Pricking out and potting on are generally unnecessary.

Where to Plant

A sunny, sheltered spot is ideal. Mulching with compost before planting is beneficial, along with the addition of blood fish and bone, though extra nitrogen is not required.

How Many to Plant

Beans are prolific, with one square meter of dwarf beans sufficient for a family of four eating fresh. A six-foot row of climbing beans is similarly adequate, but more are needed for freezing or drying.

How to Plant and Spacing

If not sown directly, a hole can be dibbed, and the module dropped in, with the soil lightly firmed around the plant. Climbing beans can be planted six inches apart in a row or around the edge of a container to grow up canes.

Protecting and Supporting Your Plants

Dwarf plants do not need significant support, but can become floppy when laden with beans. Planting them closely together (six inches apart) helps to maintain stability.

How to Feed and Water

Climbing beans, with their large leaf area, require ample watering. Dwarf beans also need regular watering but do not require additional feeding if the ground is prepared with well-rotted manure or compost beforehand.

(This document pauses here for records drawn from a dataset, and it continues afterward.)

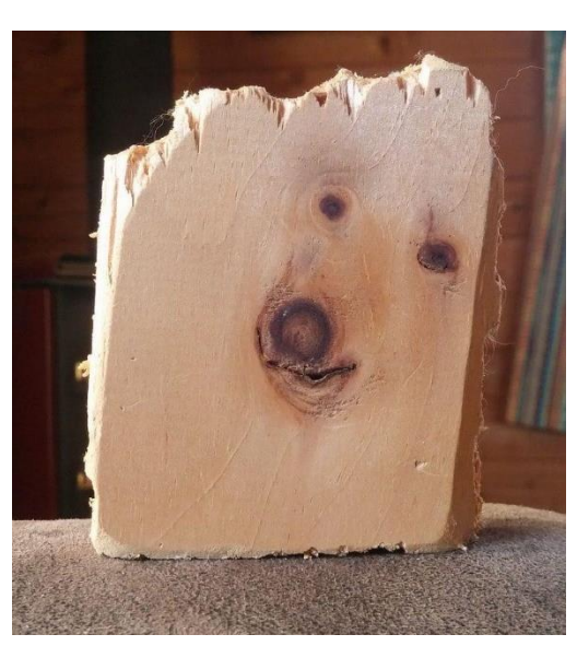
Anyone for some dogwood?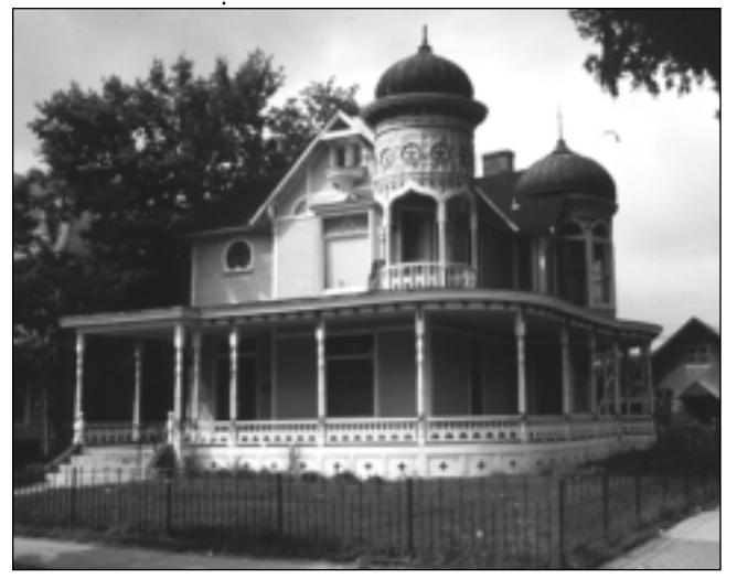
An example of exotic influences: the Bardwell-Ferrant house in Minneapolis (1883, altered in 1890); above, front view; right, detail of tower.

Another influence on late 19th-century architecture that can be traced to the Centennial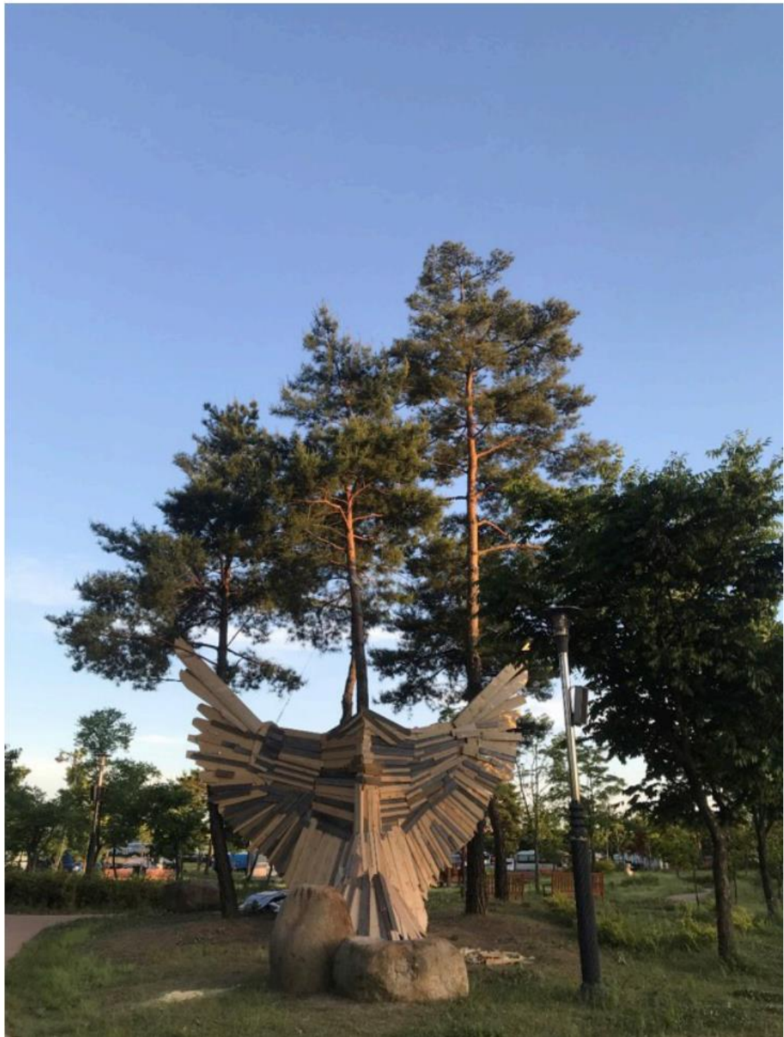
Sabri Idrus The Unseen Physic Pine Wood, Metal and Lacquer 10m x 10m 2019

Exhibition: Gyeongju Residency Art Festa 2019, Gyeongju Art Center, South Korea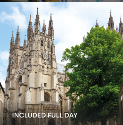
INCLUDED FULL DAY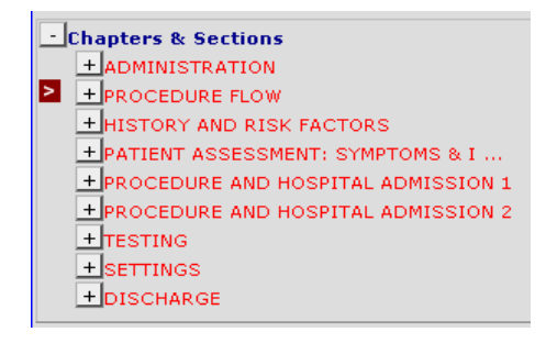
Figure 7: Screenshots of DIPR database sections.

Many hospitals are already entering pacemaker and ICD data on-line. Furthermore, a number of hospitals that have been using the local SPRN application (GRIT) will be facilitated so that they can still send their GRIT export files which then will be imported in the DIPR database.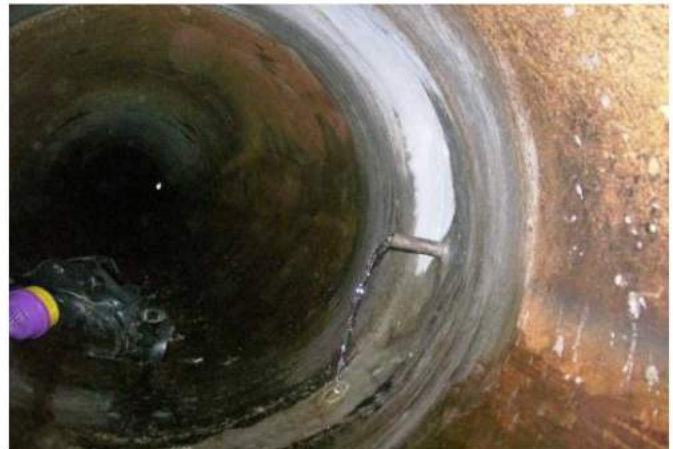
Photo 6: Grouted joint offset with grout port installed for injection grouting behind conduit.

For this method of repair, the opening should be temporarily sealed, creating a bulkhead, so that grout can be injected behind the conduit. Non-shrink grout can be applied from the interior of the conduit to develop the bulkhead and grout injection ports can be installed through the grout, around the circumference of the crack, at a spacing that will allow the grout to fill any voids that may have developed. Generally, grout injection behind the conduit should be completed so that the injection pressures do not exceed about half the lateral earth pressure of the embankment at the location of the crack.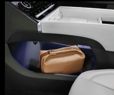
Front Upper-Tray Under Floor Box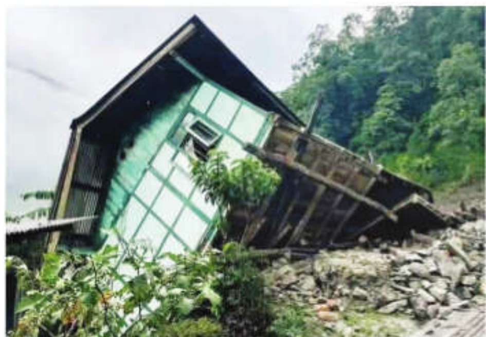
STATESMAN NEWS SERVICE SILIGURI, 13 JUNE

Tour operators said some 800 tourists and over 100 vehicles are currently stuck in the affected regions of north Sikkim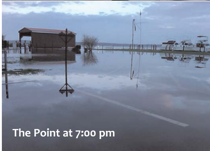
The Point at 7:00 pm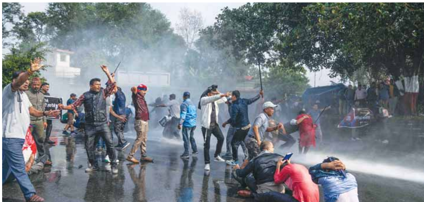
Police use water cannons to disperse supporters of Rabi Lamichhane, Nepal's former deputy premier, protesting after his arrest on fraud and organised crime charges, in Pokhara yesterday.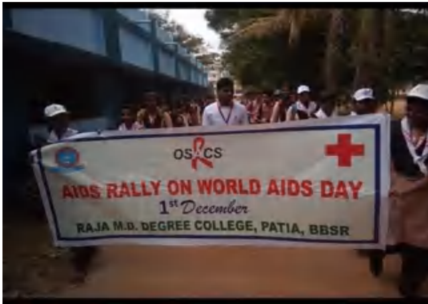
AIDS Day Rally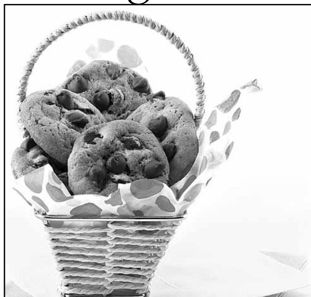
Edible wedding favors may include decorative cookie baskets featuring gourmet cookies from a favorite bakery.

It has become popular to have a self-serve candy bar at many weddings. Guests are invited to step up to the display and serve themselves from a series of dif-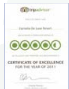
TRIPADVISOR – CERTIFICATE of EXCELLENCE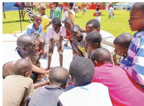
Youth of Soweto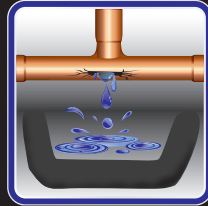
INDOOR WATER CONTROL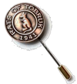
RATS OF TOBRUK 1941 LAPEL BADGE $15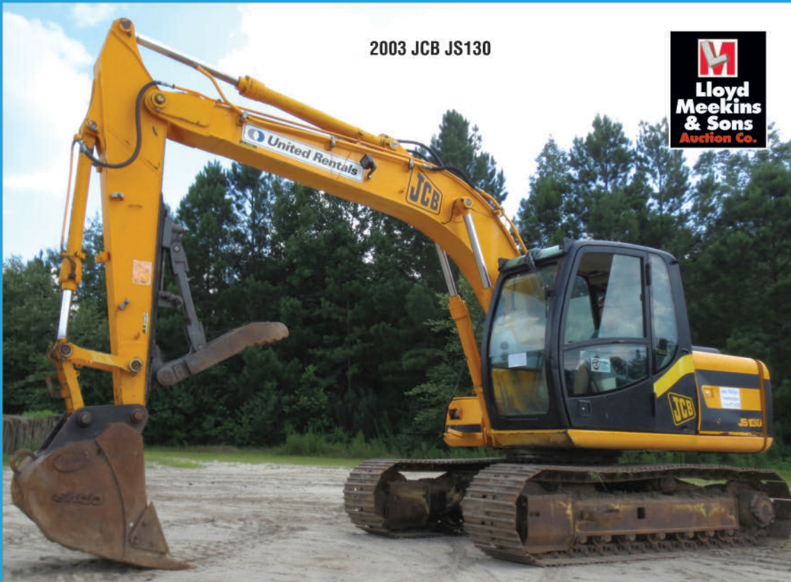
2003 JCB JS130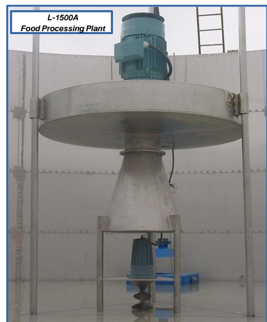
L-1500A Food Processing Plant

Surface aerator is manufactured for its reliability and durability for extreme conditions operation. It can be installed in small tanks or massive lagoons. Draining of the tanks or lagoons is not required during any installation.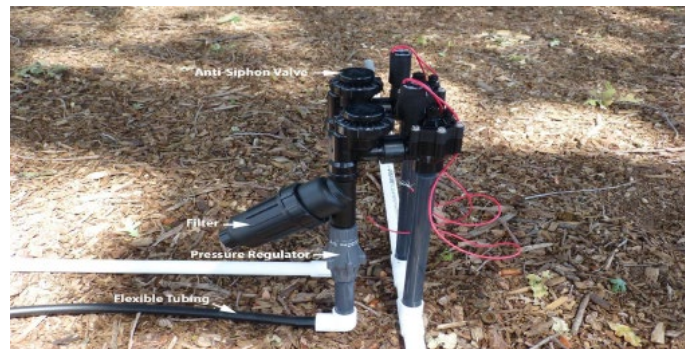
Pressure Regulators and filters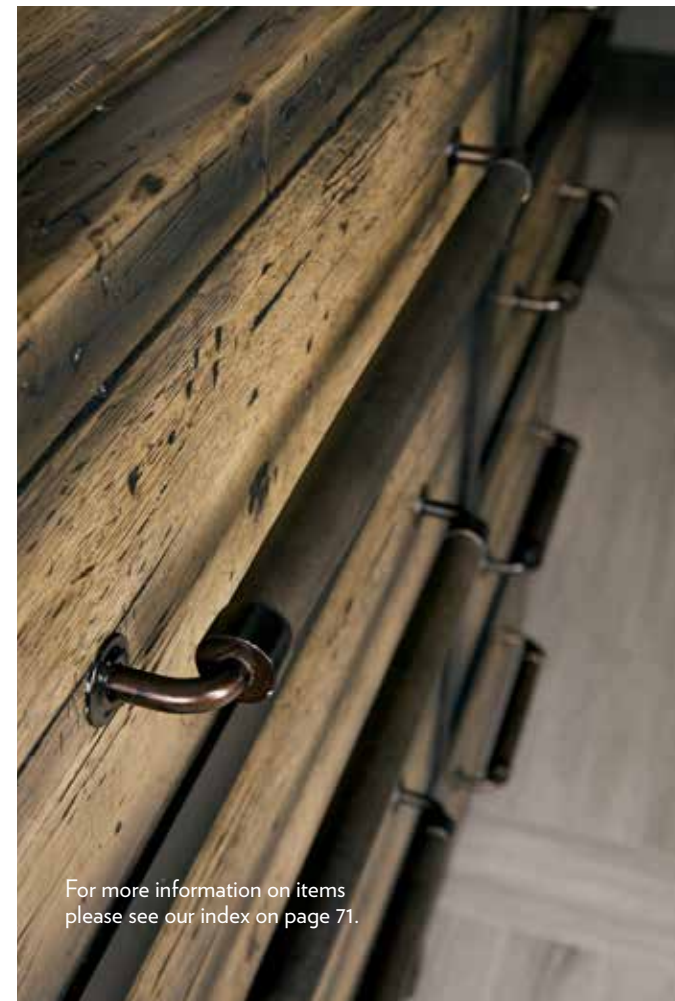
For more information on items please see our index on page 71.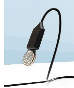
TEROS 21 (METER)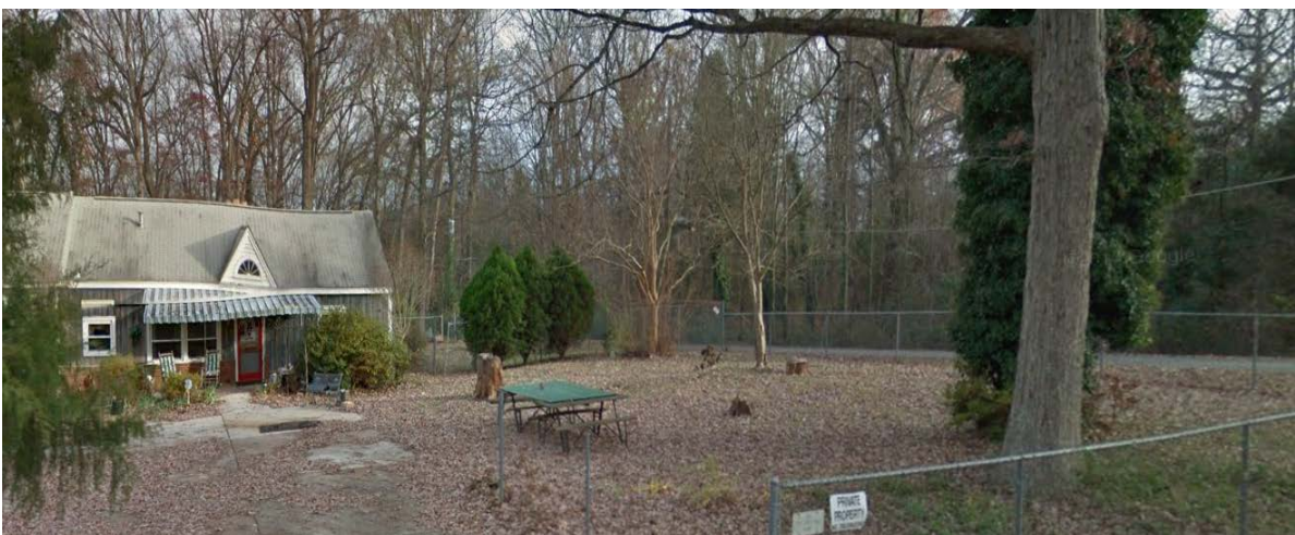
Properties to the north include vacant land rezoned in 2016 to I-2 (general industrial), additional vacant residential lots acquired by the City of Charlotte, and two remaining single family homes.

How to Prune/Manage While Growing

Young plants may need assistance twining onto their canes. A good mulch of manure or compost around the roots during July aids moisture retention. When beans reach the tops of their canes, pinching out the growing tips and side shoots is advisable.

How and When to Harvest

Beans should be harvested when young and tender, typically 8-10 inches long. Regular picking, at least twice a week, encourages further production.

How to Store

Beans can be stored in their pods in the fridge for about a week. Alternatively, they can be blanched, frozen on a tray, and then bagged.

How to Eat/Cook

Beans can be steamed, but many recipes are available for various preparations.

How to Deal with Pests and Disease

Pests and diseases are generally not a concern.

When and How to Remove the Plants

Plants should be snipped off just below the soil surface, leaving the roots intact. The roots contain organic matter, even though the nitrogen within has been depleted by harvest time. If roots interfere with follow-on crops, they can be removed or covered with a compost mulch.

What to Plant Before

In a polytunnel, plant after containers of carrots have been moved outside. In the ground, plant after garlic, chard, brassicas, spinach, lettuce, or salad onions.

What to Plant After

Post-harvest options include salad onions, garlic, broad beans, lamb's lettuce, claytonia, and peas.

What to Interplant With

Beans can be interplanted in a single row on the west or north side of a bed, with lettuce, spinach, kale, spring cabbage, and chard on the east or south side.